-------- DATA SEGMENT

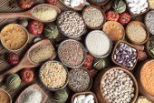 Nasiona zbierania zbóż izolowane na drewnianym stole
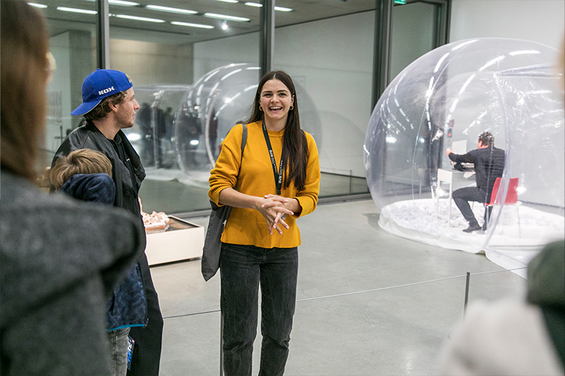 „Unser Mission Statement ist: Kunst für alle, Museum für alle. Das bedeutet auch, dass wir auch barrierefreie Angebote haben. Wir arbeiten z.B. mit Menschen aus der Jugendpsychiatrie, aber auch mit Menschen mit Demenz. Und natürlich sind bei uns auch Touristen und ein sehr kunstaffines Publikum. Unsere Besucher:innen sind ganz unterschiedlich. In der Kunstvermittlung starten wir mit dem Kindergartenalter, wo wir sehr praktisch arbeiten und die Kinder Dinge ausprobieren können, später bieten wir dann auch klassische Führungen an, die auch dialogisch gestaltet sind.“
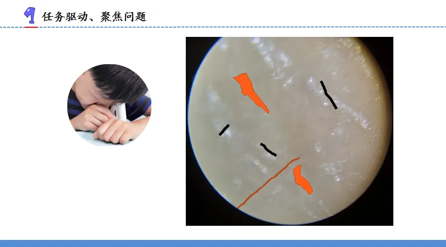 本课遵照认识微小个体的主要进程,采用递进式的逻辑结构,从发现细胞到认识细胞的多种形态,展开两个部分的内容。

----------------

With images omitted, output the data exactly as given.

- [EXERCISE OUTPUT]
 Nasiona zbierania zbóż izolowane na drewnianym stole
 „Unser Mission Statement ist: Kunst für alle, Museum für alle. Das bedeutet auch, dass wir auch barrierefreie Angebote haben. Wir arbeiten z.B. mit Menschen aus der Jugendpsychiatrie, aber auch mit Menschen mit Demenz. Und natürlich sind bei uns auch Touristen und ein sehr kunstaffines Publikum. Unsere Besucher:innen sind ganz unterschiedlich. In der Kunstvermittlung starten wir mit dem Kindergartenalter, wo wir sehr praktisch arbeiten und die Kinder Dinge ausprobieren können, später bieten wir dann auch klassische Führungen an, die auch dialogisch gestaltet sind.“
 本课遵照认识微小个体的主要进程,采用递进式的逻辑结构,从发现细胞到认识细胞的多种形态,展开两个部分的内容。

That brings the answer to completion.